• [Exercise goal]: Set down every line of the data exactly, skipping the pictures.

• [Data supplied]:

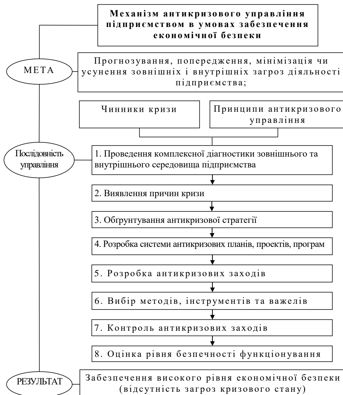
Рис. 2. Механізм антикризового управління в умовах забезпечення економічної безпеки підприємства
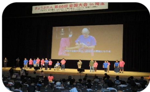
←オープニング セレモニーの様子

昨年に引き続き、今年も心配されるコロナ禍でしたが対面で開催されました。一羊会からは、利用者5名、職員5名の計10名で参加してきました。
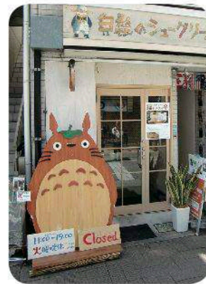
▲ 白髭のシュークリーム工房
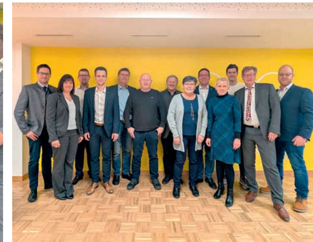
Bankstelle Raiffeisenplatz Amstetten
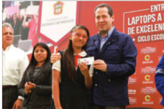
El gobernador Eruviel Ávila entregó laptops a alumnos de excelencia.

SEXTO DE PRIMARIA Y TERCERO DE SECUNDARIA
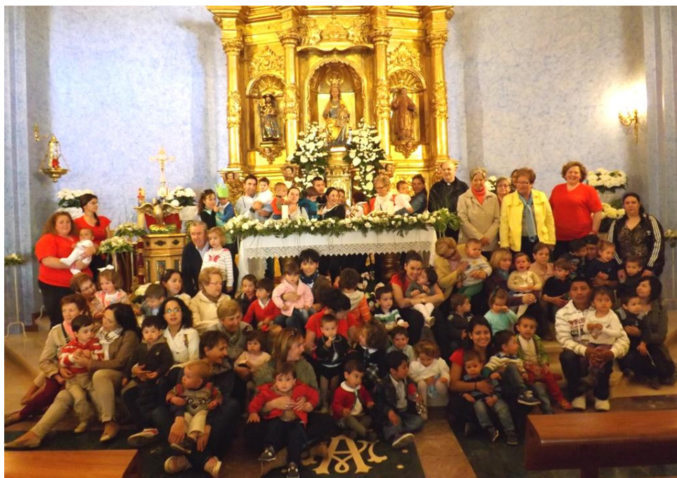
Niños Primera Comuni3n
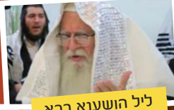
ליל הושענא רבא
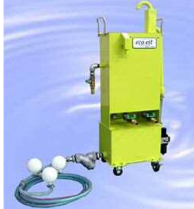
浮上油回収装置『エコイット』

工作機械をご使用のお客様、ご存知でしたか？クーラントタンクなどに浮かぶ泡立った浮上油、これには金属粉などの微細スラッジが含まれており、実は切削加工の能率を下げ、ワークの表面精度を悪化させている要因にもなっています。今回ご紹介します新型浮上油回収装置『エコイット』では、一時間当たりの処理能力が300Lと、ベルトスキマーの数十倍の能力がございます。
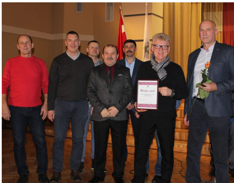
Svētķu pasākuma gaitā Pateicības rakstus un balvas saņēma arī cilvēki, kuriem sports ir dzīves neatņemamā nepieciešamība, kuri aicina un rada iespēju mūsu novada ļaudīm baudīt sportu. Priecājamies un lepojamies – mūsu sporta entuziastu un atbalstītāju pulks ir varens un spēcīgs! Suminām veterānu hokeja komandu „Ledus lāči”
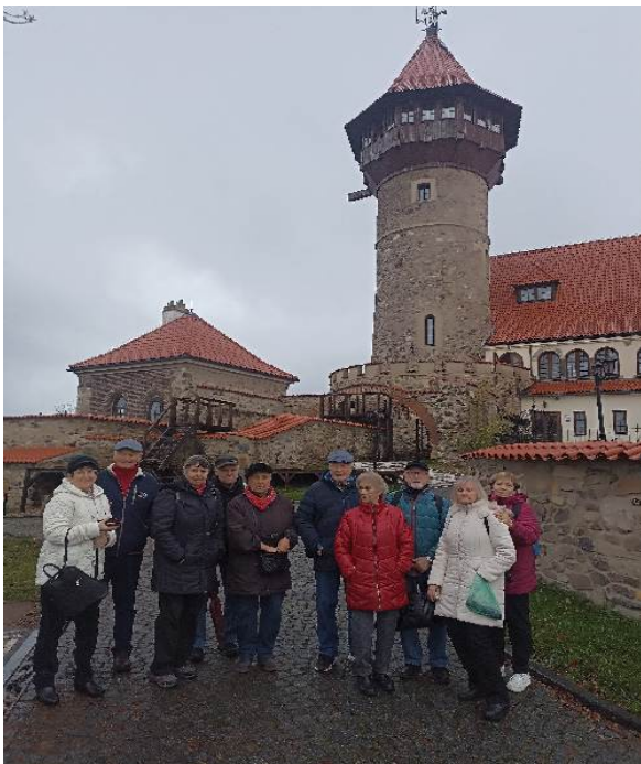
. Vrchol Hněvína
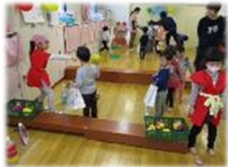
おみせやさんごっこ
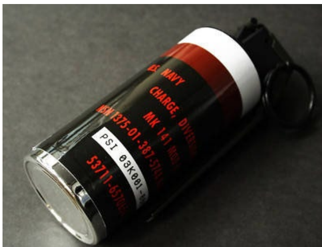
Obrázek 15 MK 141 Mod 0
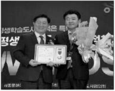
좋은 정책상 수상 기념촬영 모습.

홍성군은 지난 18일 서울 세종문화회관에서 열린 '2022년 제1회 대한민국 평생학습도시 좋은 정책 어워드'에서 '좋은 정책상'을 수상했다.
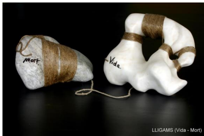
LLIGAMS (Vida - Mort)
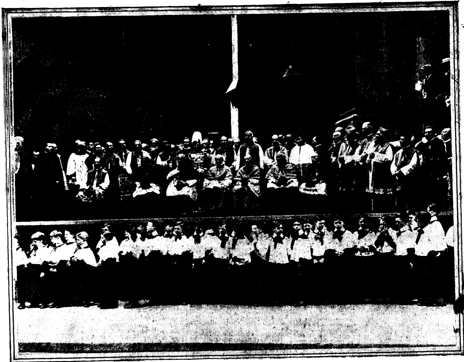
Dignatarios de la Iglesia Católica, a los que en Nueva York se les tributó la más grandiosa manifestación religiosa que registra la historia, al dirigirse hacia Chicago para tomar parte en el Congreso Eucarístico Internacional. En la fotografía aparecen los Cardenales O'Donnell, Charoste, Reig Casanova, Primado de España; Dubois, Pífil y Czneri och, presenciando la manifestación desde la fachada de la Catedral de San Patricio de la Avenida Madison
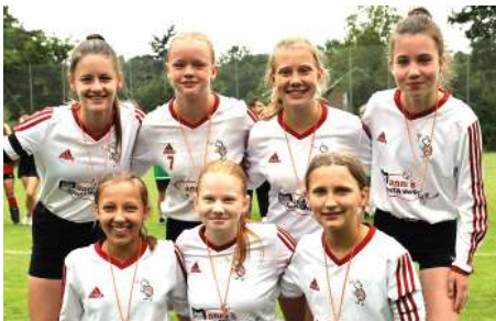
TV Jahn Schneverdingen - 2. Platz.
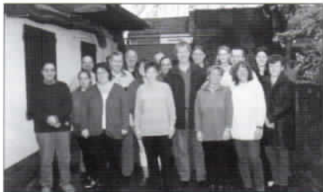
Der neue Vorstand der KG Närrische Griellächer freut sich auf „viel Arbeit“ im Jubiläumsjahr.

Große KG hat ihrem Präsidenten viel zu verdanken
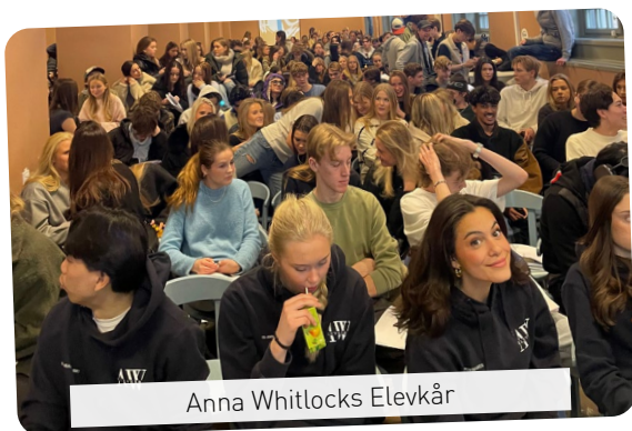
Anna Whitlocks Elevkår
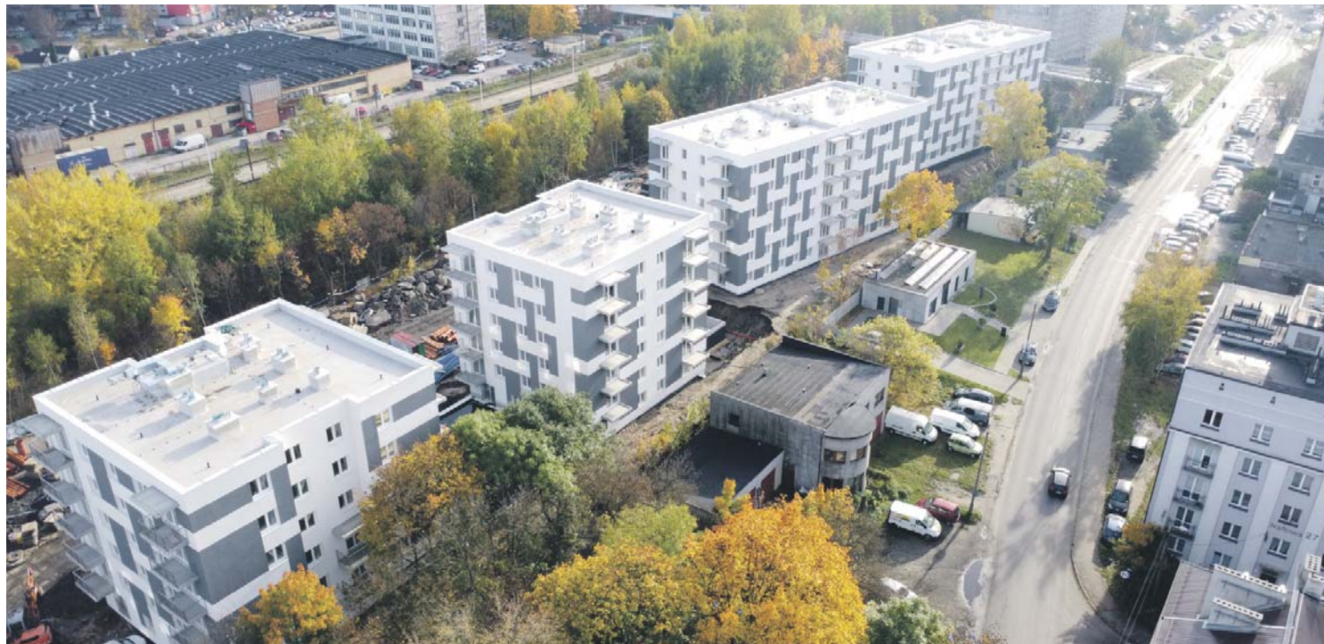
Nowe osiedle powstało przy ul. Naftowej, w rejonie dworca Sosnowiec Południowy.

Koszt inwestycji to około 100 milionów złotych, z czego ponad 25 procent środków prze-
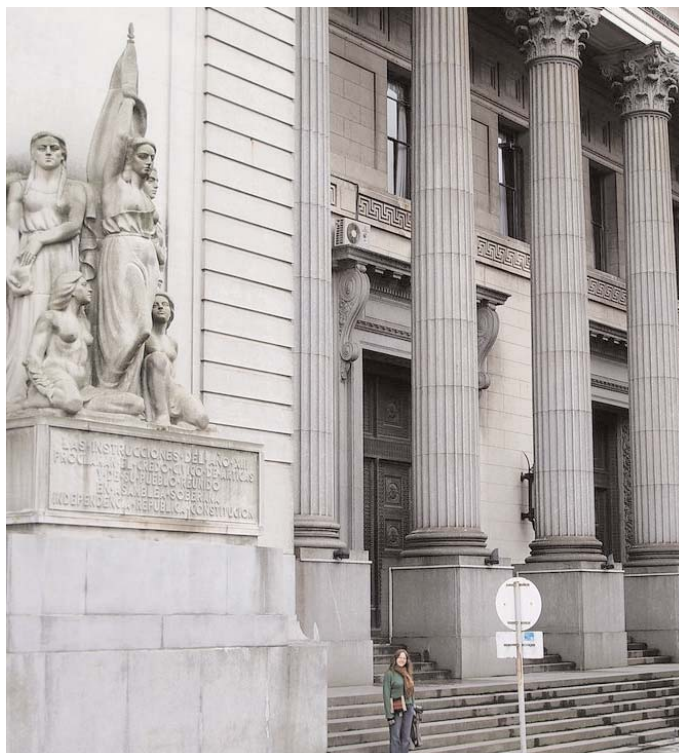
Sede del Banco de la República del Uruguay en Montevideo

Iberoamérica sentirá la caída de los precios de las materias primas, la retracción de los créditos internacionales y de las inversiones, la reducción del envío de remesas por parte de los emigrantes, el endeudamiento de empresas y la
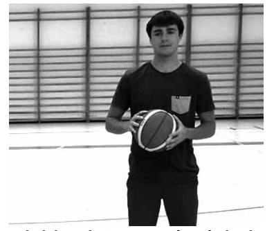
Zabalok Basket Navarran jarraituko du.

Zilarrezko mailan lehiatuko da Nafarroako taldean
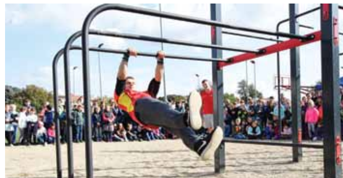
Slavnostní otevření workoutového hřiště Masarykovy základní školy doprovázela zábavný program se soutěžemi pro děti. Sportovní show předvedli členové klubu Workout Mělník.

• [Problem solution]:
Рис. 2. Механізм антикризового управління в умовах забезпечення економічної безпеки підприємства
←オープニング セレモニーの様子

昨年に引き続き、今年も心配されるコロナ禍でしたが対面で開催されました。一羊会からは、利用者5名、職員5名の計10名で参加してきました。
▲ 白髭のシュークリーム工房
Bankstelle Raiffeisenplatz Amstetten
El gobernador Eruviel Ávila entregó laptops a alumnos de excelencia.

SEXTO DE PRIMARIA Y TERCERO DE SECUNDARIA
Niños Primera Comuni3n
ליל הושענא רבא
浮上油回収装置『エコイット』

工作機械をご使用のお客様、ご存知でしたか？クーラントタンクなどに浮かぶ泡立った浮上油、これには金属粉などの微細スラッジが含まれており、実は切削加工の能率を下げ、ワークの表面精度を悪化させている要因にもなっています。今回ご紹介します新型浮上油回収装置『エコイット』では、一時間当たりの処理能力が300Lと、ベルトスキマーの数十倍の能力がございます。
Svētķu pasākuma gaitā Pateicības rakstus un balvas saņēma arī cilvēki, kuriem sports ir dzīves neatņemamā nepieciešamība, kuri aicina un rada iespēju mūsu novada ļaudīm baudīt sportu. Priecājamies un lepojamies – mūsu sporta entuziastu un atbalstītāju pulks ir varens un spēcīgs! Suminām veterānu hokeja komandu „Ledus lāči”
. Vrchol Hněvína
おみせやさんごっこ
Obrázek 15 MK 141 Mod 0
좋은 정책상 수상 기념촬영 모습.

홍성군은 지난 18일 서울 세종문화회관에서 열린 '2022년 제1회 대한민국 평생학습도시 좋은 정책 어워드'에서 '좋은 정책상'을 수상했다.
LLIGAMS (Vida - Mort)
Dignatarios de la Iglesia Católica, a los que en Nueva York se les tributó la más grandiosa manifestación religiosa que registra la historia, al dirigirse hacia Chicago para tomar parte en el Congreso Eucarístico Internacional. En la fotografía aparecen los Cardenales O'Donnell, Charoste, Reig Casanova, Primado de España; Dubois, Pífil y Czneri och, presenciando la manifestación desde la fachada de la Catedral de San Patricio de la Avenida Madison
TV Jahn Schneverdingen - 2. Platz.
Der neue Vorstand der KG Närrische Griellächer freut sich auf „viel Arbeit“ im Jubiläumsjahr.

Große KG hat ihrem Präsidenten viel zu verdanken
Anna Whitlocks Elevkår
Nowe osiedle powstało przy ul. Naftowej, w rejonie dworca Sosnowiec Południowy.

Koszt inwestycji to około 100 milionów złotych, z czego ponad 25 procent środków prze-
Sede del Banco de la República del Uruguay en Montevideo

Iberoamérica sentirá la caída de los precios de las materias primas, la retracción de los créditos internacionales y de las inversiones, la reducción del envío de remesas por parte de los emigrantes, el endeudamiento de empresas y la
Zabalok Basket Navarran jarraituko du.

Zilarrezko mailan lehiatuko da Nafarroako taldean
Slavnostní otevření workoutového hřiště Masarykovy základní školy doprovázela zábavný program se soutěžemi pro děti. Sportovní show předvedli členové klubu Workout Mělník.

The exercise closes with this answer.